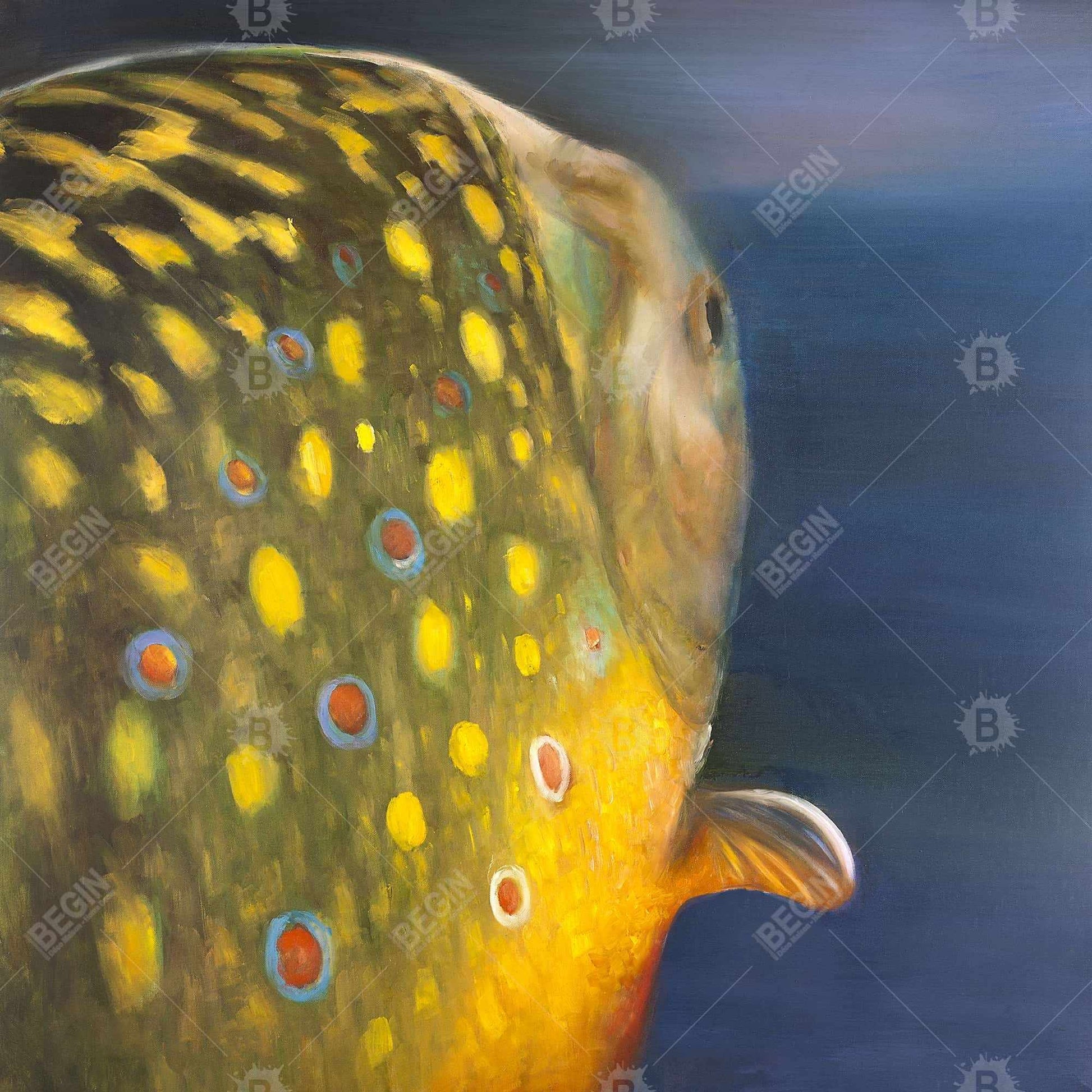 Toile rustique représentant une truite dorée | Décoration murale bleue pour chambre
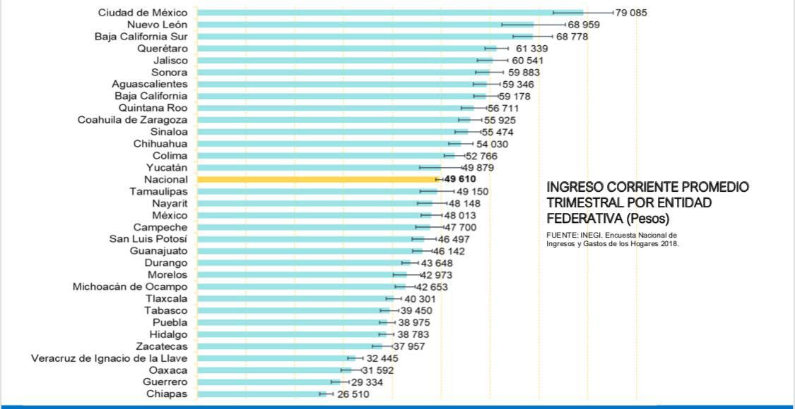 En la encuesta, la Ciudad de México es la que mayor ingreso registró, con 79 mil 085 pesos, mientras que Chiapas obtuvo el lugar 32 con 26 mil 510 pesos de ingreso trimestral.
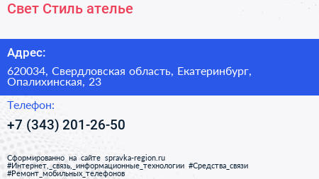 Свет-Стиль, ателье по адресу 620034, Свердловская область, Екатеринбург, Опалихинская, 23 в дальнейшем Организация, размещена в следующих категориях:

- **Task brief**: Leave out the pictures and return the listing exactly.

- **Result below**:
 Toile rustique représentant une truite dorée | Décoration murale bleue pour chambre
 En la encuesta, la Ciudad de México es la que mayor ingreso registró, con 79 mil 085 pesos, mientras que Chiapas obtuvo el lugar 32 con 26 mil 510 pesos de ingreso trimestral.
 Свет-Стиль, ателье по адресу 620034, Свердловская область, Екатеринбург, Опалихинская, 23 в дальнейшем Организация, размещена в следующих категориях:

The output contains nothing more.